When the Kahns returned from Italy, they again spent a summer in Martha’s Vineyard, and then, with a Guggenheim Fellowship, took their family to Deer Island the subsequent year. Kahn remembered the changes in location again instigating the evolution of his painting: “I began to let the color come through on my canvases…How far could I go towards color without giving up tonalism?” The resulting images of sailboats in the ponds and harbors of Martha’s Vineyard that Kahn completed at the end of the 1960s form the rest of the exhibition at ACME Fine Art. Sailboats were a long time fascination of Kahn’s, who referred to them as “isolated visions of scale.” His depictions of the vessels from the late Sixties synthesize his prior decades of painting; color creeps back in, restrained and modulated by subtle tonal shifts. Overall, the landscapes maintain a minimalist approach to composition: the horizon is pushed almost to the bottom of the painting with the majority of the canvas devoted to a deep and heavily worked sky. Sunset Harbor, a delicately colorful painting from 1968 demonstrates the beginning of Kahn’s “love affair with purple.”

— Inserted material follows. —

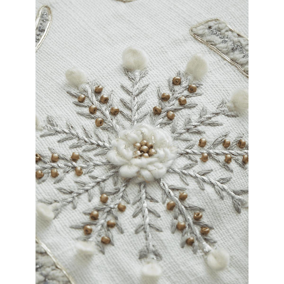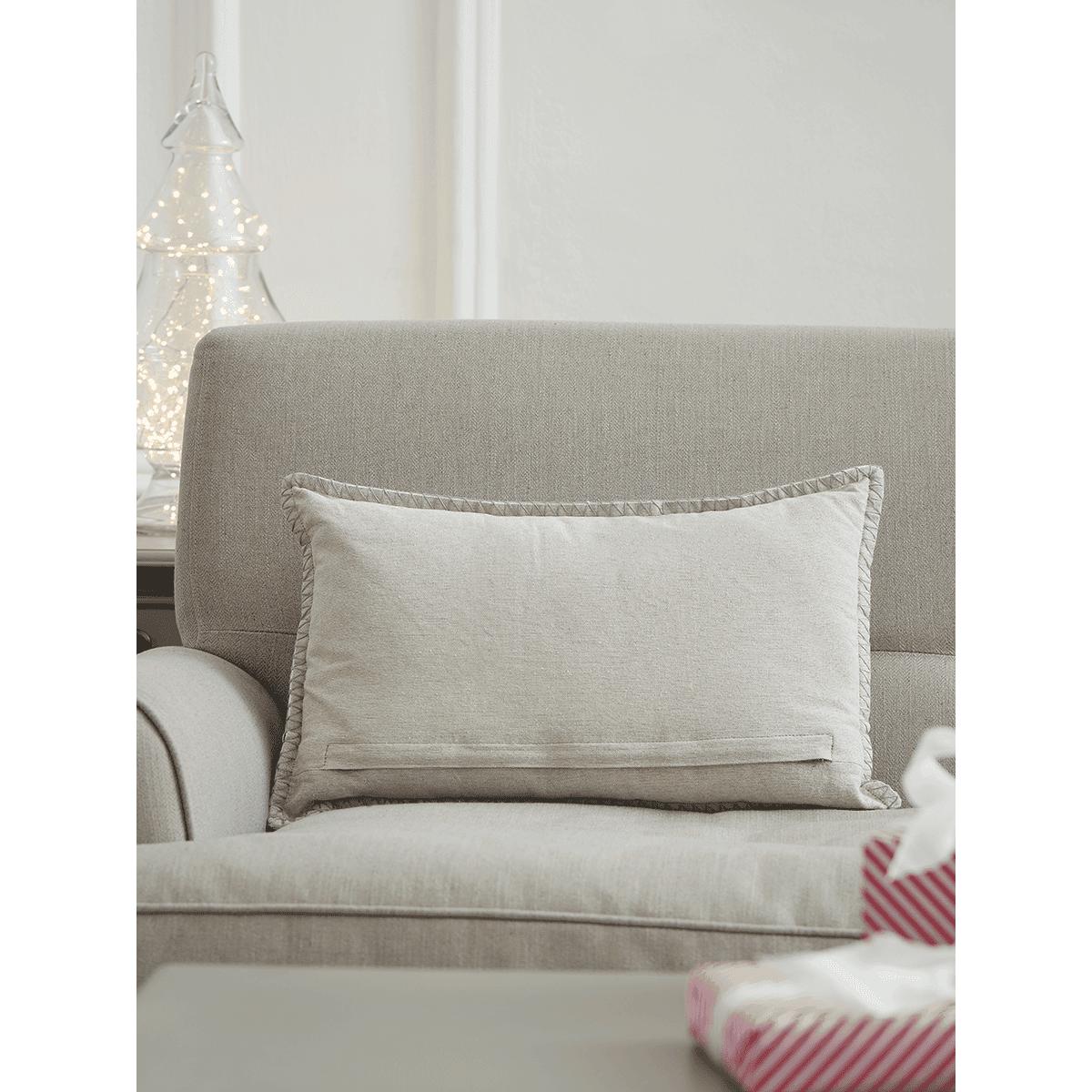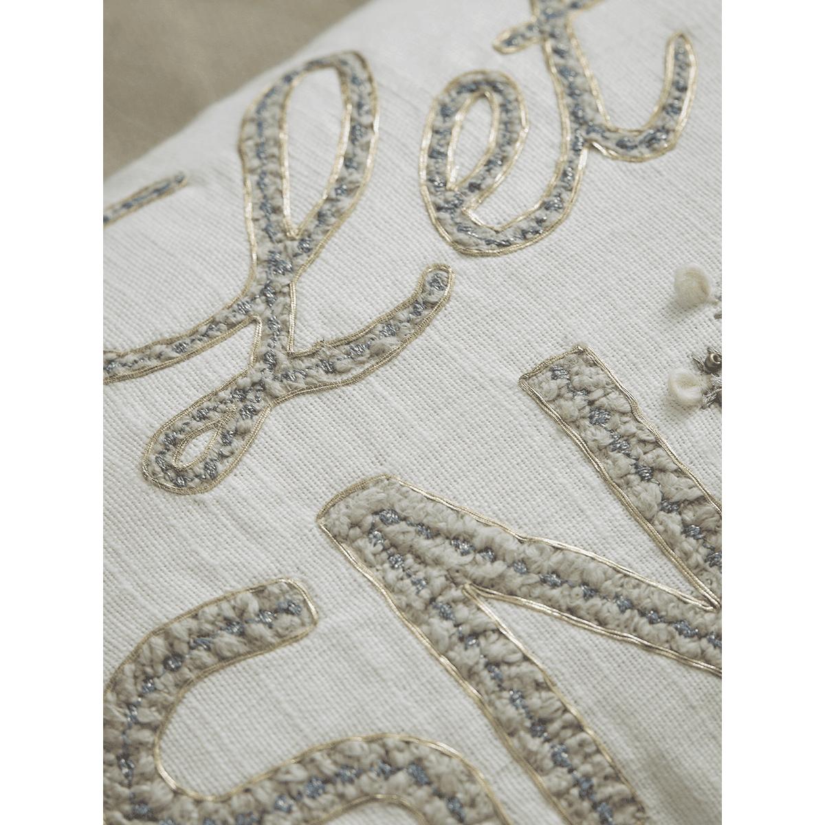A subtle introduction to the festive season, this pretty cushion in plain cream features a blend of appliqué and embroidery, with gold beaded highlights to spell out Let it Snow. Full of muted tones and texture and with a rustic blanket-stitched edge, it’s a lovely addition to a sofa or chair in a pared-back interior.

From there Kahn’s paintings would grow into the vibrant banded landscapes and barns for which he is best known today.  Looking back at his work of the midcentury, one can see how Kahn developed the adept sense of color seen today in his joyous landscapes.  The 1960s proved to be an important step in this process: the decade was a successful one for Kahn, whose work of the time was featured in a number of exhibitions and gained him two prestigious fellowships. He was producing some on his most abstract works and with them, he challenged the boundaries of landscape painting and developed sophisticated and subtle color relationships that remain captivating decades later. The upcoming exhibition will provide a chance to look back on this important period, an opportunity that is typically rare during career of a contemporary artist. WOLF KAHN: EARLY WORK will open Friday, 30 September and run through the end of ACME’s Fall season to close on 26 November. An opening reception will be held from 6:00 to 8:00 pm on Friday, 7 October.